TASK PROMPT
Each record below must come back exactly as written; its pictures must not.
═════ EXTRACTED INFORMATION
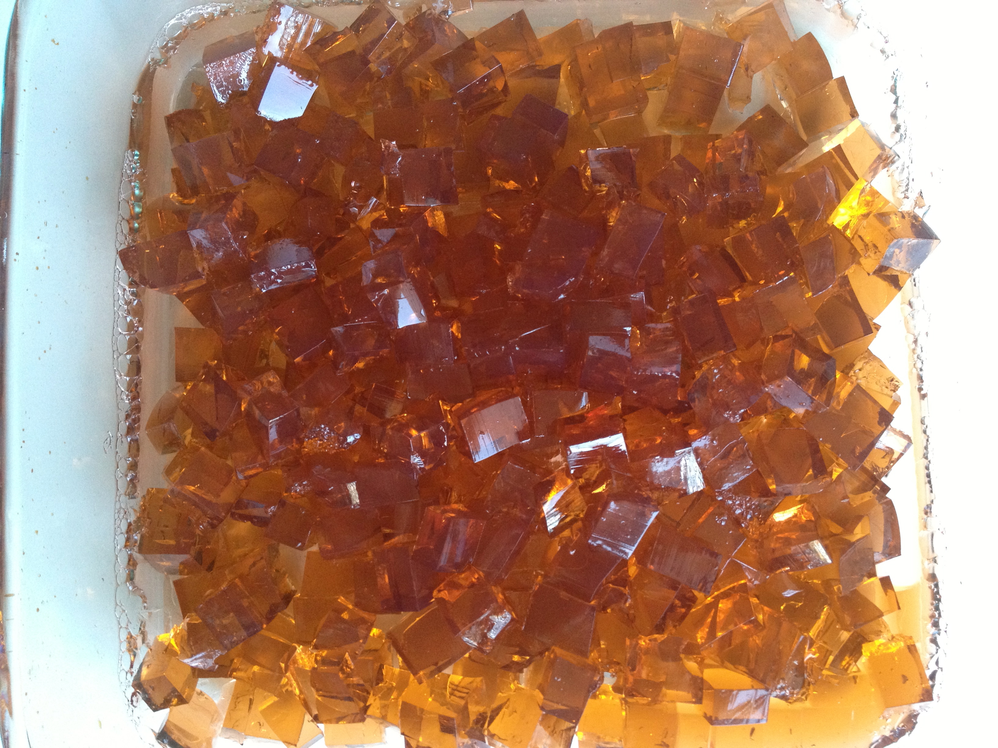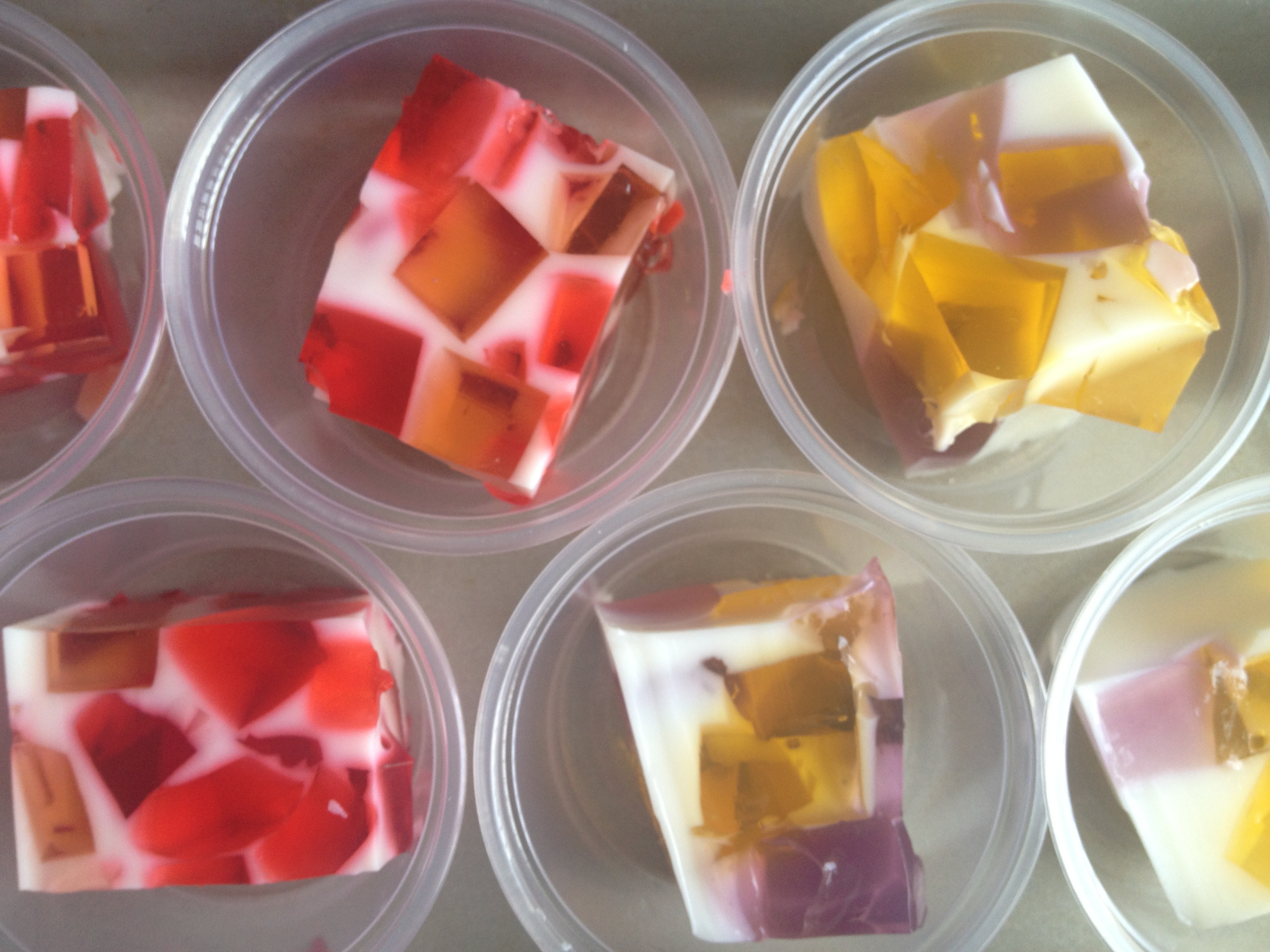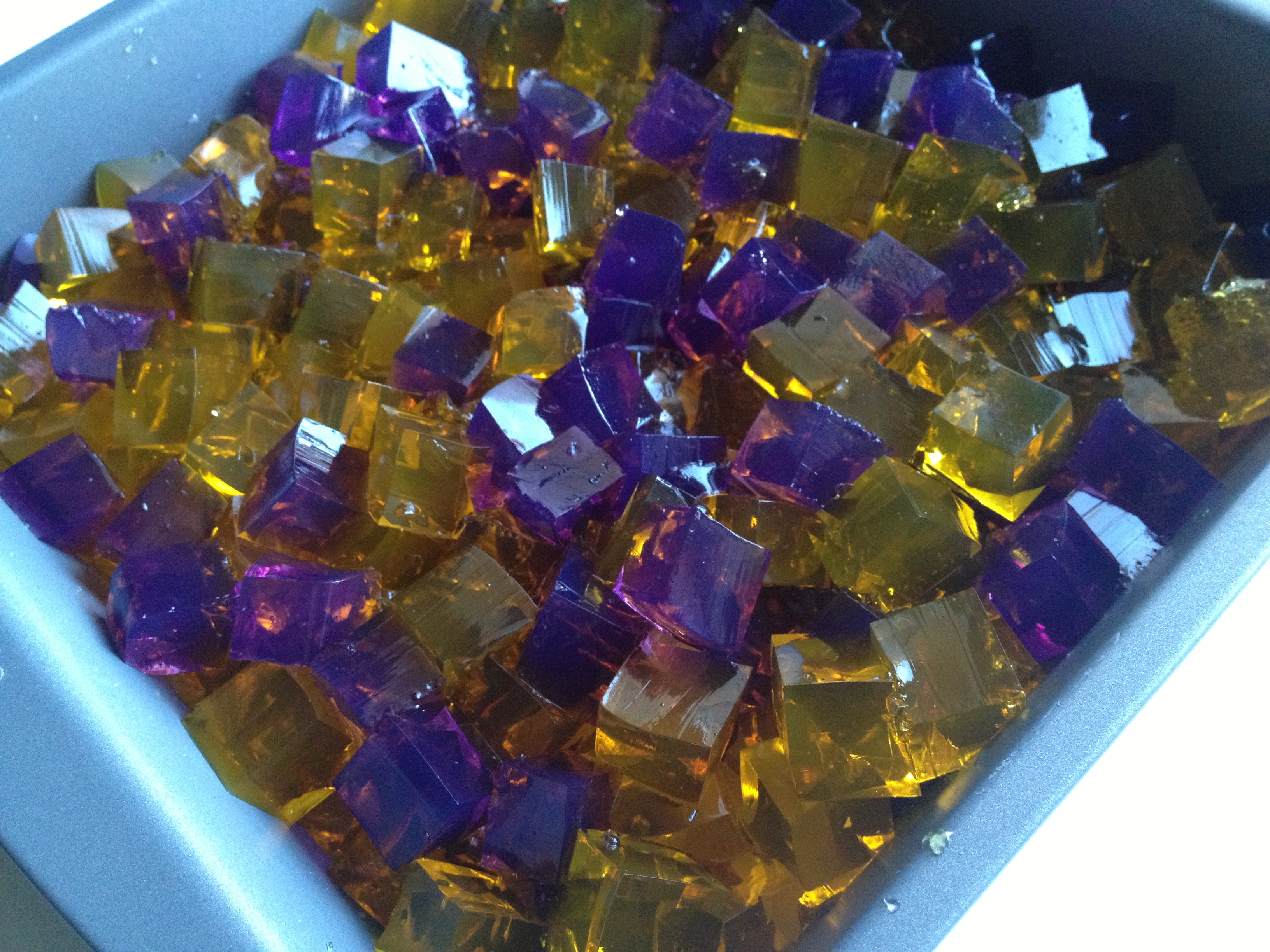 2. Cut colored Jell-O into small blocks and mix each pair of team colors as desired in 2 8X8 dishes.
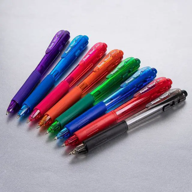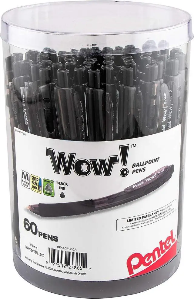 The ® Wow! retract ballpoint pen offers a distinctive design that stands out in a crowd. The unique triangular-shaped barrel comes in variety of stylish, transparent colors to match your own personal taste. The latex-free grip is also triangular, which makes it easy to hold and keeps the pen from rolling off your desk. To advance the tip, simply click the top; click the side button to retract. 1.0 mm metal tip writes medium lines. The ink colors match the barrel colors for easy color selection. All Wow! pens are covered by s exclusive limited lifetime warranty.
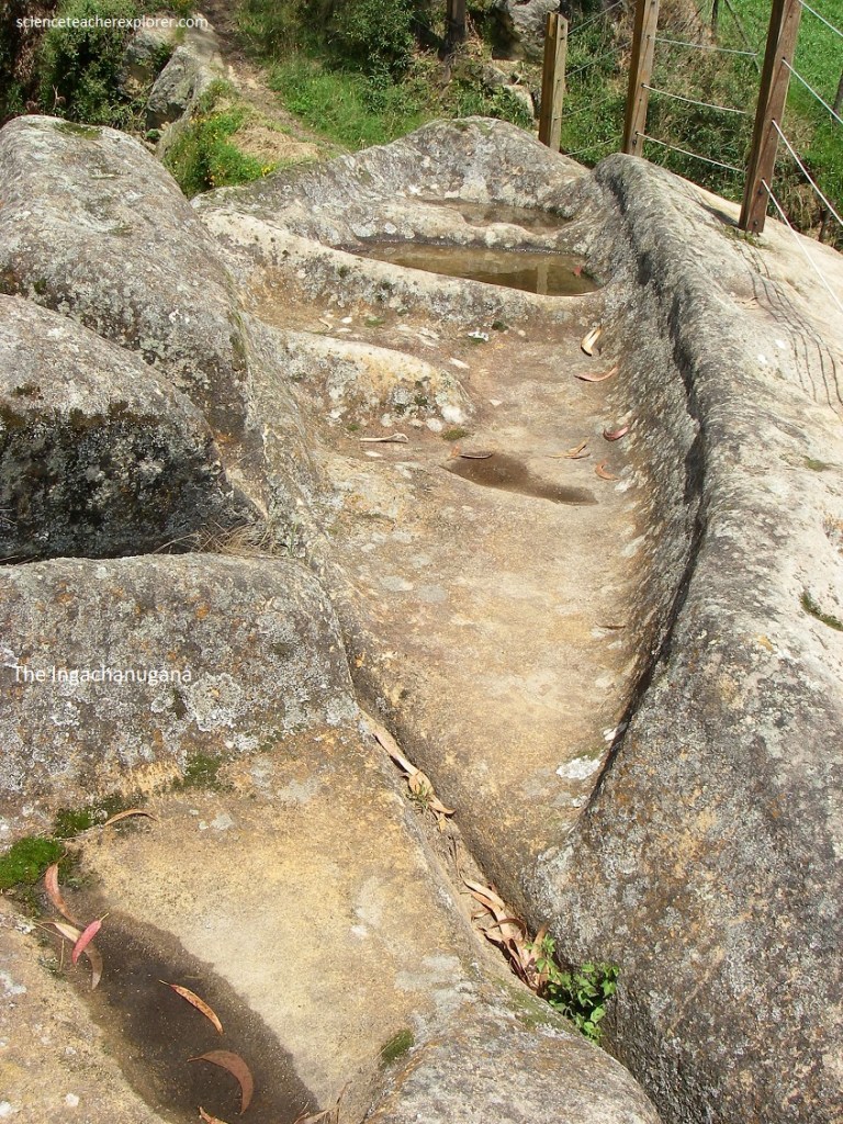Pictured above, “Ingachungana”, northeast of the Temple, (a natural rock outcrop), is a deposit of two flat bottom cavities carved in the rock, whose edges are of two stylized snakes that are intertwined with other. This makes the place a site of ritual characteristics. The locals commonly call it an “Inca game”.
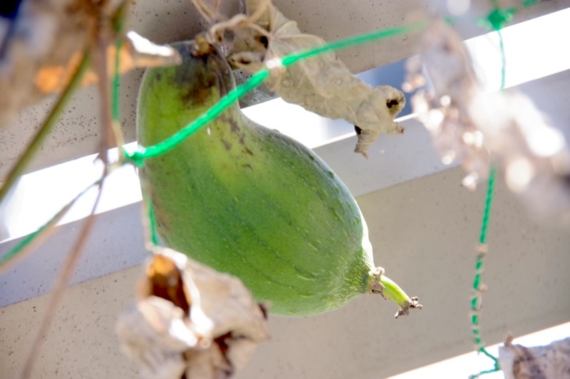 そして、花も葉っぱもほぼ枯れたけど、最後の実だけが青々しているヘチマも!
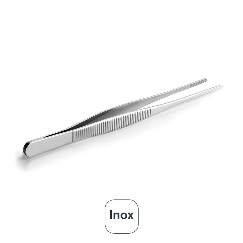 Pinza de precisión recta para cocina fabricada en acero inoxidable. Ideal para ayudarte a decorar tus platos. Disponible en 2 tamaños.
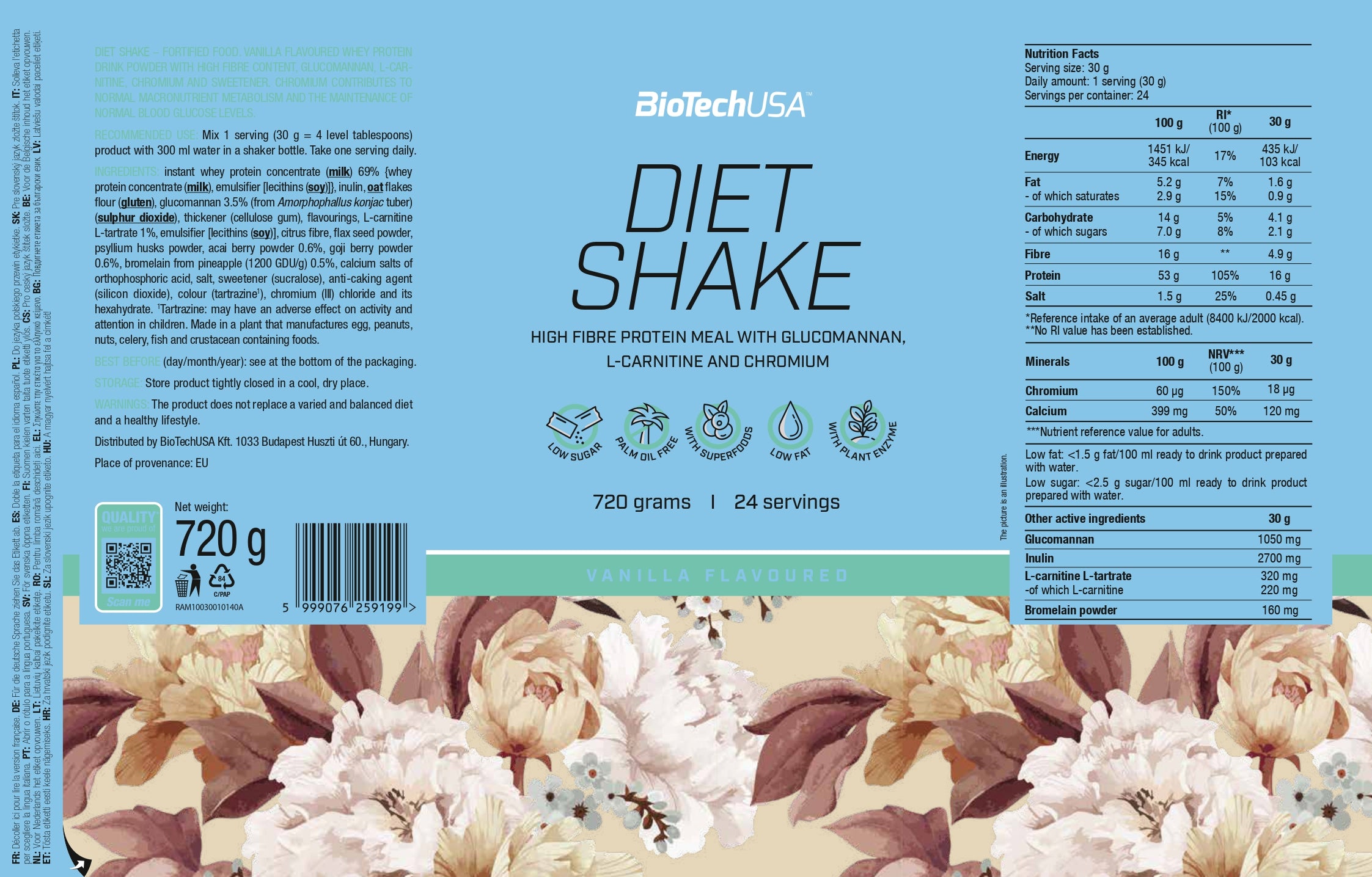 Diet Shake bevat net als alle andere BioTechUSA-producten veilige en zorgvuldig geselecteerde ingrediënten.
══════════
RESPONSE TO THIS EXERCISE
 2. Cut colored Jell-O into small blocks and mix each pair of team colors as desired in 2 8X8 dishes.
 The ® Wow! retract ballpoint pen offers a distinctive design that stands out in a crowd. The unique triangular-shaped barrel comes in variety of stylish, transparent colors to match your own personal taste. The latex-free grip is also triangular, which makes it easy to hold and keeps the pen from rolling off your desk. To advance the tip, simply click the top; click the side button to retract. 1.0 mm metal tip writes medium lines. The ink colors match the barrel colors for easy color selection. All Wow! pens are covered by s exclusive limited lifetime warranty.
Pictured above, “Ingachungana”, northeast of the Temple, (a natural rock outcrop), is a deposit of two flat bottom cavities carved in the rock, whose edges are of two stylized snakes that are intertwined with other. This makes the place a site of ritual characteristics. The locals commonly call it an “Inca game”.
 そして、花も葉っぱもほぼ枯れたけど、最後の実だけが青々しているヘチマも!
 Pinza de precisión recta para cocina fabricada en acero inoxidable. Ideal para ayudarte a decorar tus platos. Disponible en 2 tamaños.
 Diet Shake bevat net als alle andere BioTechUSA-producten veilige en zorgvuldig geselecteerde ingrediënten.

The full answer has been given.